Libcontainer provides a native Go implementation for creating containers with namespaces, cgroups, capabilities, and filesystem access controls. It allows you to manage the lifecycle of the container performing additional operations after the container is created.

Container

A container is a self contained execution environment that shares the kernel of the host system and which is (optionally) isolated from other containers in the system.

Using libcontainer

Because containers are spawned in a two step process you will need a binary that will be executed as the init process for the container. In libcontainer, we use the current binary (/proc/self/exe) to be executed as the init process, and use arg "init", we call the first step process "bootstrap", so you always need a "init" function as the entry of "bootstrap".

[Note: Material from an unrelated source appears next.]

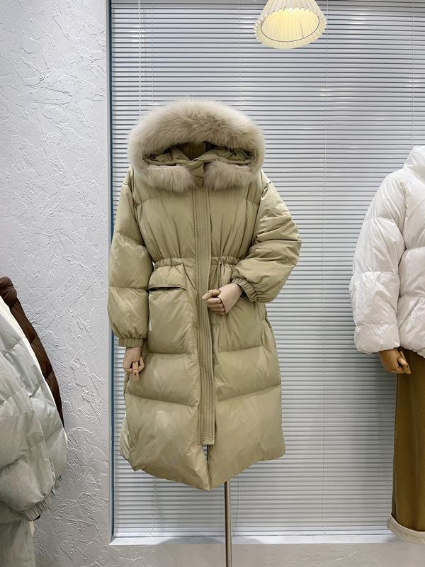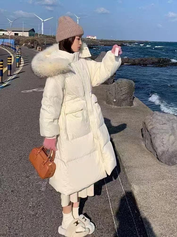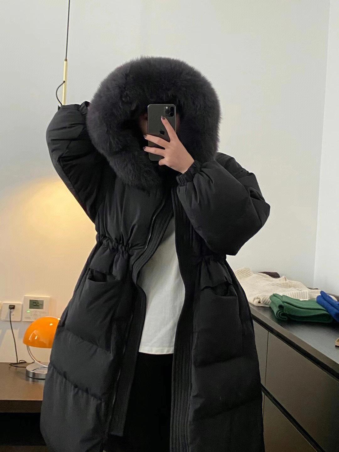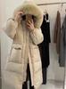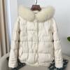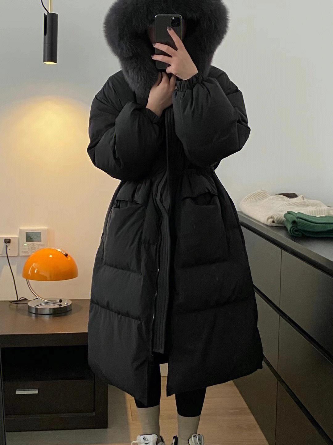 Abrigo Largo de Plumas con Cuello de Piel de Zorro para Mujer 2025 Invierno Engrosado Dulce Entallado en la Cintura Plumón de Pato Blanco Resistente al Frío Adelgazante
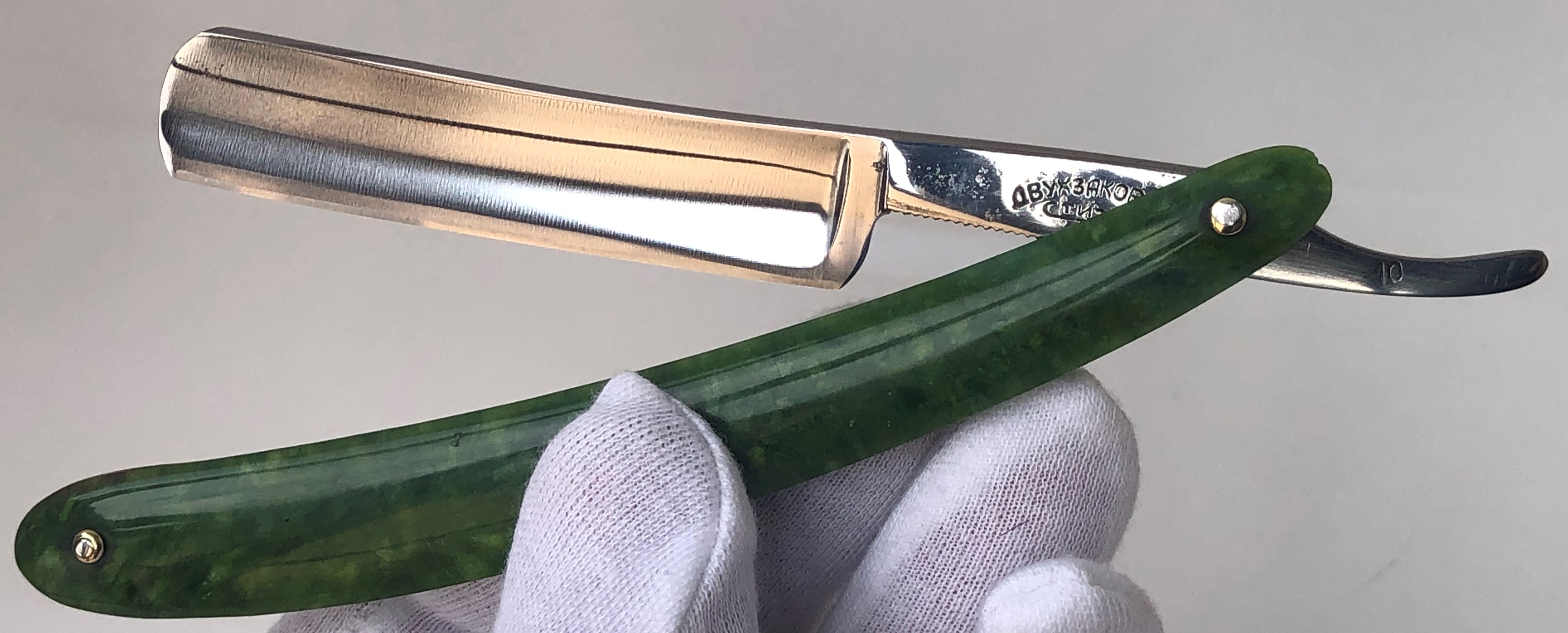 Бритва в хорошем, рабочем состоянии. Был восстановлен клинок,от утОчки обушка и удаления патины. Кромочка почти ровная по всей длине.Ручка, хоть и имеет незначительный скол(фото), но имеет красивый и редкий "малахитовый" оттенок. Не стал заморачиваться с заменой оправы, а оставил как есть, тем более,что это ни на что не влияет.Новый двух-цветные втулки и внутренние шайбы.Родная коробочка того же 1956 года! Совсем недорогая бритва для новичка! Не пропустите.

In addition to the go init function the early stage bootstrap is handled by importing nsenter.

import (
	_ "github.com/opencontainers/runc/libcontainer/nsenter"
)

func init() {
	if len(os.Args) > 1 && os.Args[1] == "init" {
		runtime.GOMAXPROCS(1)
		runtime.LockOSThread()
		factory, _ := libcontainer.New("")
		if err := factory.StartInitialization(); err != nil {
			logrus.Fatal(err)
		}
		panic("--this line should have never been executed, congratulations--")
	}
}

Then to create a container you first have to initialize an instance of a factory that will handle the creation and initialization for a container.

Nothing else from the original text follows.